(DATA LISTING)

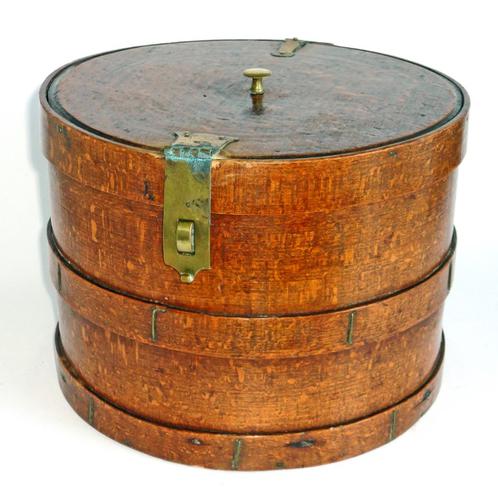 Tabakspotten, drie stuks. Houten ronde potten in de...
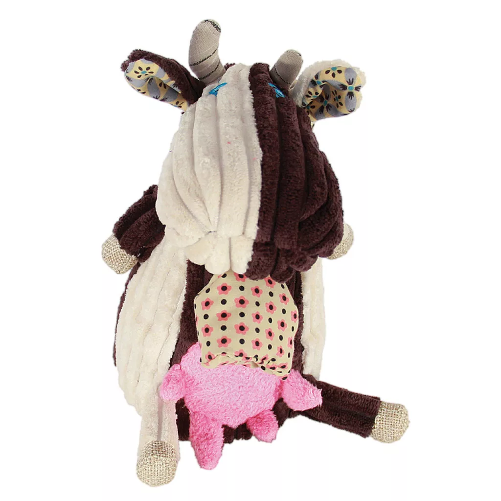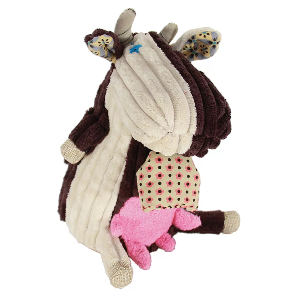 Egyedi tervezésű, bársonyból, textilből készült, saját egyéniséggel rendelkező, zenélő, tehenet formázó játékfigura.
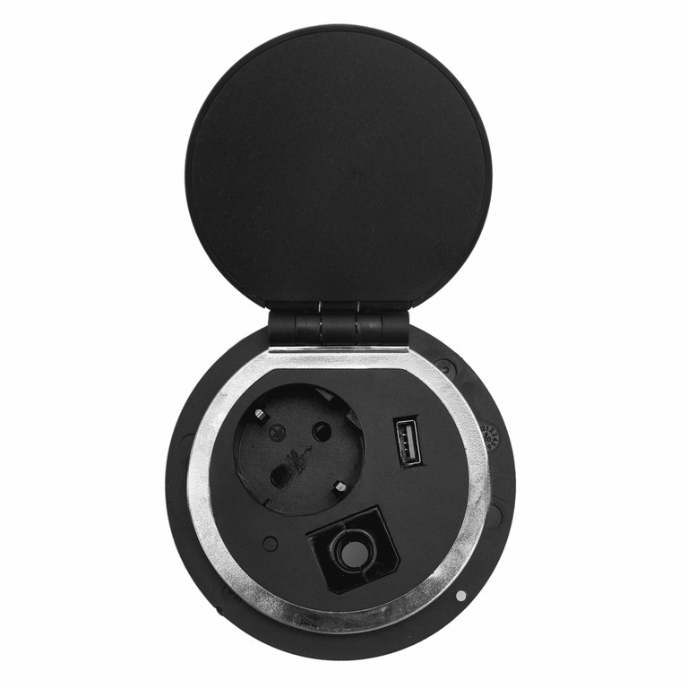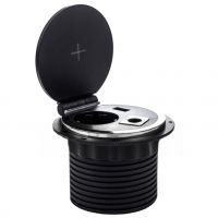 Спецификация Наименование SET BLACK Количество розеток 1 розетка, 1 USB, беспроводная зарядка, пропуск под кабель/информационный USB Максимальный ток 16 А Максимальная мощность 3500 Вт Цвет корпуса Чёрный Глубина 90 мм Врезное отверстие Диаметр — 80 мм Выдвижная розетка сертифицирована в РФ. Гарантия 2 года. Выдвижная розетка SET BLACK (чёрная, 1 розетку, 1 USB, беспроводную зарядку, пропуск под кабель/информационный USB) Розетка оснащена беспроводной зарядкой, розеткой евро стандарта с заземлением, 1 USB разъем (зарядка) и пропуском под кабель, который можно заменить информационным USB разъемом (идёт в комплекте).
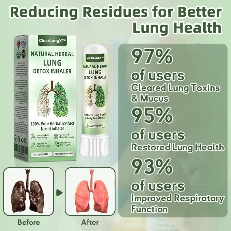 The ClearLungX™ Natural Herbal Lung Detox Inhaler is recommended by leading lung experts and is designed to thoroughly eliminate lung mucus and repair damaged lung tissue, effectively alleviating various respiratory conditions such as chronic obstructive pulmonary disease (COPD), asthma, and chronic cough.
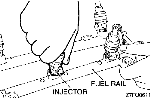 2. Insert the injector top end into the fuel rail. Be careful not to damage O-ring during installation.
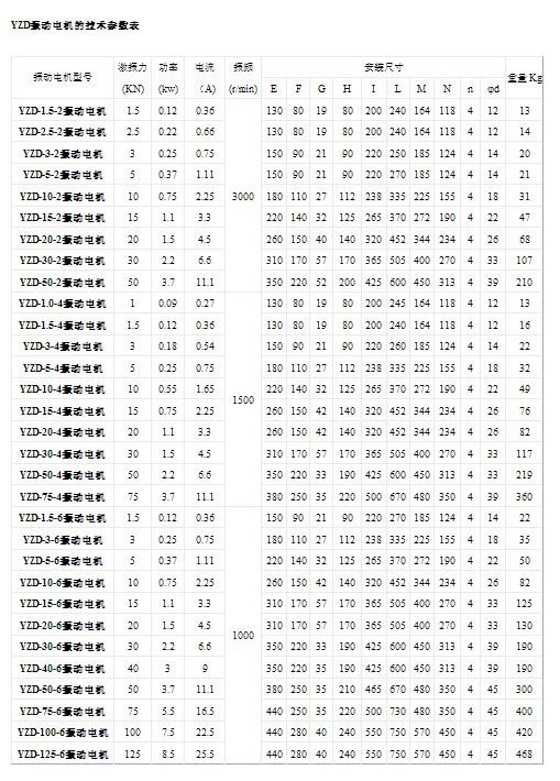 7.振動電機的設(shè)計可隨需要做適當(dāng)?shù)恼{(diào)整,以適用于特殊的環(huán)境:660V或60HZ特殊電壓及電源頻率,氣溫極高或極低的工作場所、防塵防水要求較高的場所、地處海拔較高的場所等。
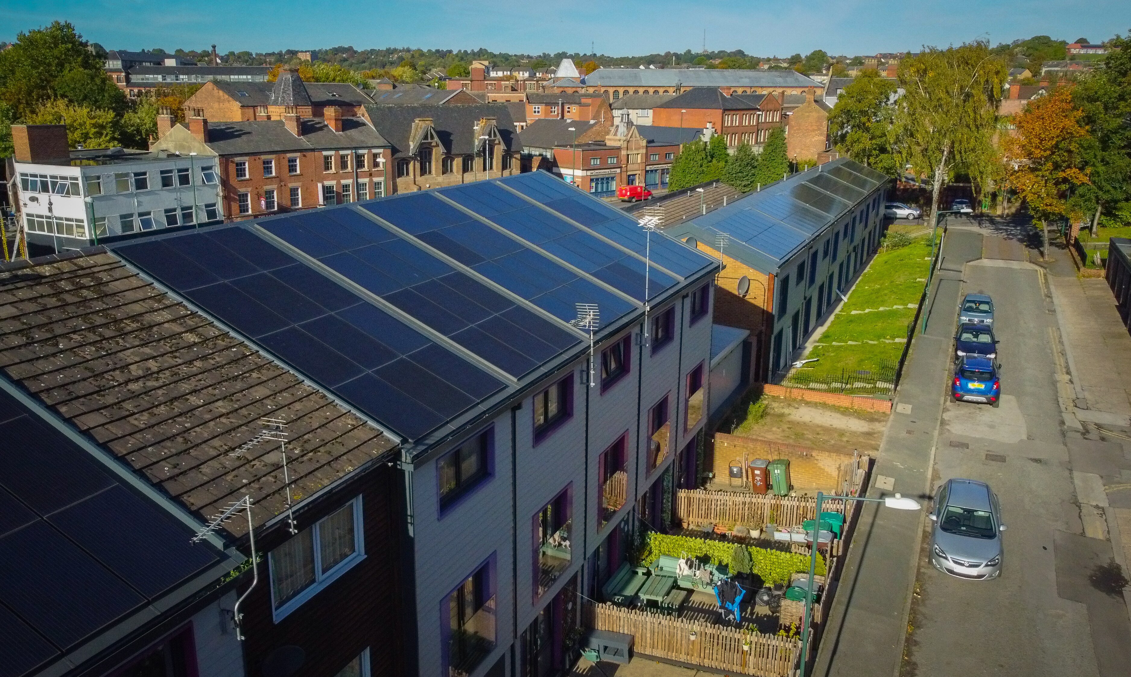In Nottingham city centre there are more signs of the transformation taking place – a sprawling electric tram network, biogas buses on the streets, and solar panels adorning historic buildings.
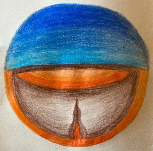 During my meditation/movement journey with the throat chakra the word Purpose was very loud. Expressing Purpose. In reference to my life's purpose, my meditation guide Jessaiah asked me the question, “how do you see yourself in 10 years?” I immediately reflected on the Stage 4 mandala I made during Part I. My Stage 4 mandala was me at the age of 6 in Sicily. My greatest joy in my entire life was my childhood in Sicily. I felt alive, free, wild, and completely right. The throat mandala I made is me, 10 years from now at the age of 60 in the mediterranean living my purpose. It is me sitting in harmony with doors of creativity and abundance surrounding me with the Pizzica Spider Dance in my heart. I will be dancing and drumming and teaching. The great sun above me is a honeycomb eye shaped hive where the honey bee, the symbol of the ancient priestesses of the goddesses of the Mediterranean, celebrate the mysteries of life, death, and rebirth. I will return back to the hive of my ancestors.
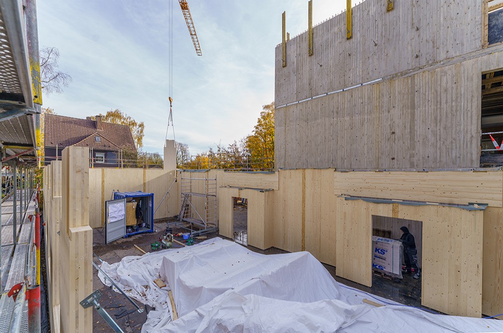 Erst Anfang Juli dieses Jahres fand im Beisein von Hernes Oberbürgermeister Dr. Frank Dudda die feierliche Grundsteinlegung für den Erweiterungsbau der Quinoa-Schule am Drögenkamp in Herne-Baukau statt. Jetzt wächst das neue Gebäude sichtbar in die Höhe – geprägt von einer Konstruktion aus vorgefertigten Holzteilen. Diese Holz-Hybridbauweise sorgt für zügigen Baufortschritt und zeigt den nachhaltigen Anspruch des Projekts.
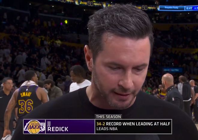 背靠背出战的詹姆斯,首节4中4,其中三分2投2中,还有双手暴扣的表现,单节14分,很难想象这是一位41岁的老将完成的事情。事实证明,只要给他球权,老詹依然是全面的得分手,在卢卡、小里在场的情况下,詹姆斯确实放权了。
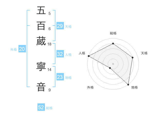 五百蔵 寧音さんの総格は52画の4点!

(End DATA LISTING)

### ASSIGNMENT
Could you output all of the records exactly, without their pictures?

### ANSWER SECTION
 Tabakspotten, drie stuks. Houten ronde potten in de...
 Egyedi tervezésű, bársonyból, textilből készült, saját egyéniséggel rendelkező, zenélő, tehenet formázó játékfigura.
 Спецификация Наименование SET BLACK Количество розеток 1 розетка, 1 USB, беспроводная зарядка, пропуск под кабель/информационный USB Максимальный ток 16 А Максимальная мощность 3500 Вт Цвет корпуса Чёрный Глубина 90 мм Врезное отверстие Диаметр — 80 мм Выдвижная розетка сертифицирована в РФ. Гарантия 2 года. Выдвижная розетка SET BLACK (чёрная, 1 розетку, 1 USB, беспроводную зарядку, пропуск под кабель/информационный USB) Розетка оснащена беспроводной зарядкой, розеткой евро стандарта с заземлением, 1 USB разъем (зарядка) и пропуском под кабель, который можно заменить информационным USB разъемом (идёт в комплекте).
 The ClearLungX™ Natural Herbal Lung Detox Inhaler is recommended by leading lung experts and is designed to thoroughly eliminate lung mucus and repair damaged lung tissue, effectively alleviating various respiratory conditions such as chronic obstructive pulmonary disease (COPD), asthma, and chronic cough.
 2. Insert the injector top end into the fuel rail. Be careful not to damage O-ring during installation.
 7.振動電機的設(shè)計可隨需要做適當(dāng)?shù)恼{(diào)整,以適用于特殊的環(huán)境:660V或60HZ特殊電壓及電源頻率,氣溫極高或極低的工作場所、防塵防水要求較高的場所、地處海拔較高的場所等。
In Nottingham city centre there are more signs of the transformation taking place – a sprawling electric tram network, biogas buses on the streets, and solar panels adorning historic buildings.
 During my meditation/movement journey with the throat chakra the word Purpose was very loud. Expressing Purpose. In reference to my life's purpose, my meditation guide Jessaiah asked me the question, “how do you see yourself in 10 years?” I immediately reflected on the Stage 4 mandala I made during Part I. My Stage 4 mandala was me at the age of 6 in Sicily. My greatest joy in my entire life was my childhood in Sicily. I felt alive, free, wild, and completely right. The throat mandala I made is me, 10 years from now at the age of 60 in the mediterranean living my purpose. It is me sitting in harmony with doors of creativity and abundance surrounding me with the Pizzica Spider Dance in my heart. I will be dancing and drumming and teaching. The great sun above me is a honeycomb eye shaped hive where the honey bee, the symbol of the ancient priestesses of the goddesses of the Mediterranean, celebrate the mysteries of life, death, and rebirth. I will return back to the hive of my ancestors.
 Erst Anfang Juli dieses Jahres fand im Beisein von Hernes Oberbürgermeister Dr. Frank Dudda die feierliche Grundsteinlegung für den Erweiterungsbau der Quinoa-Schule am Drögenkamp in Herne-Baukau statt. Jetzt wächst das neue Gebäude sichtbar in die Höhe – geprägt von einer Konstruktion aus vorgefertigten Holzteilen. Diese Holz-Hybridbauweise sorgt für zügigen Baufortschritt und zeigt den nachhaltigen Anspruch des Projekts.
 背靠背出战的詹姆斯,首节4中4,其中三分2投2中,还有双手暴扣的表现,单节14分,很难想象这是一位41岁的老将完成的事情。事实证明,只要给他球权,老詹依然是全面的得分手,在卢卡、小里在场的情况下,詹姆斯确实放权了。
 五百蔵 寧音さんの総格は52画の4点!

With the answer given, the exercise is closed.